The web-series form, she said, is one that appeals to her. “It’s creative, and people have a lot to say,” she said. “It felt like the old days when you started, and you were part of the creative experience as a young actor. Nowadays everybody starts controlling it, so this was an extraordinary experience.”

She also found that the character was one she could relate to. “I grew up in England, and people there are pretty difficult,” she said. “They never say what they mean, and when they do it comes out harsh.

“But the character was also a lot like my mother: always saying the wrong thing and trying to push people around. And I think the meaner, the more desperate she is, the better. There’s a human being underneath there, but I have to not play it so much.”

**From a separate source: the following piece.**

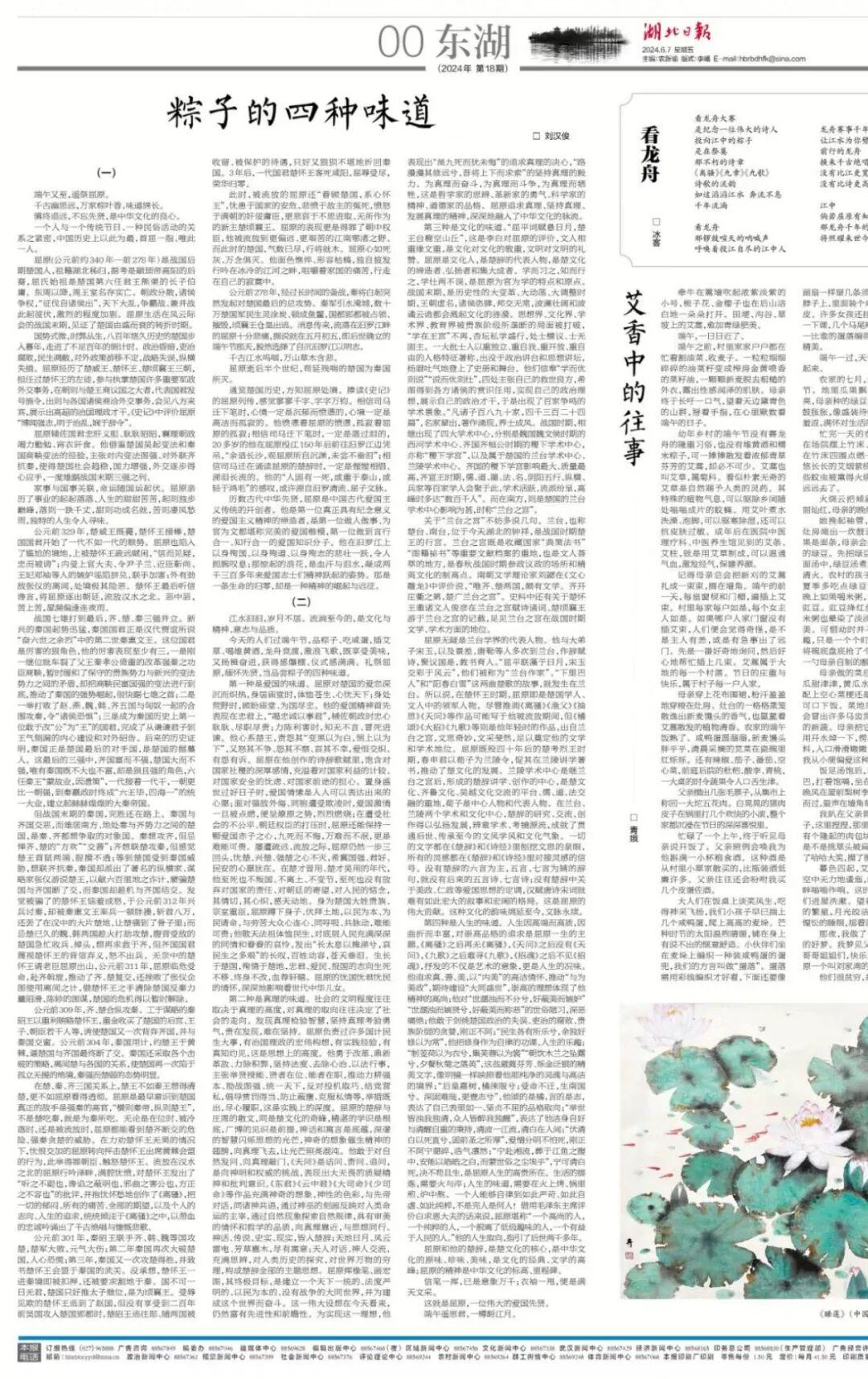 今天的人们过端午节,品粽子、吃咸蛋,插艾草、喝雄黄酒,龙舟竞渡,激浪飞歌,既享受美味,又扬楫奋进,获得感爆棚、仪式感满满。礼祭屈原,缅怀先贤,当品尝粽子的四种味道。

The show’s second season will get “meaner and tougher and more desperate,” she promised. “It’s exciting to make something that relates to people now,” she added. “She lives in an apartment in Hollywood with a Murphy bed — she has no friends and she’s lonely and sad and feisty. And there are a lot of people like that, who feel loneliness and despair but cover it up.

“The show is based on human values, and I love that we can say all that and still be funny.”

As for her return to the Emmys decades after she was first there, Pickles said she had a simple goal: “To try and have a good time, which of course is impossible. Try to enjoy it and be in the moment, and it is nice to see your friends there — if you’re dressed properly and can relax.”

She smiled. “I think toward the end of my run as an Emmy nominee, I started to dress better. At the beginning I was overdressed and uncomfortable.”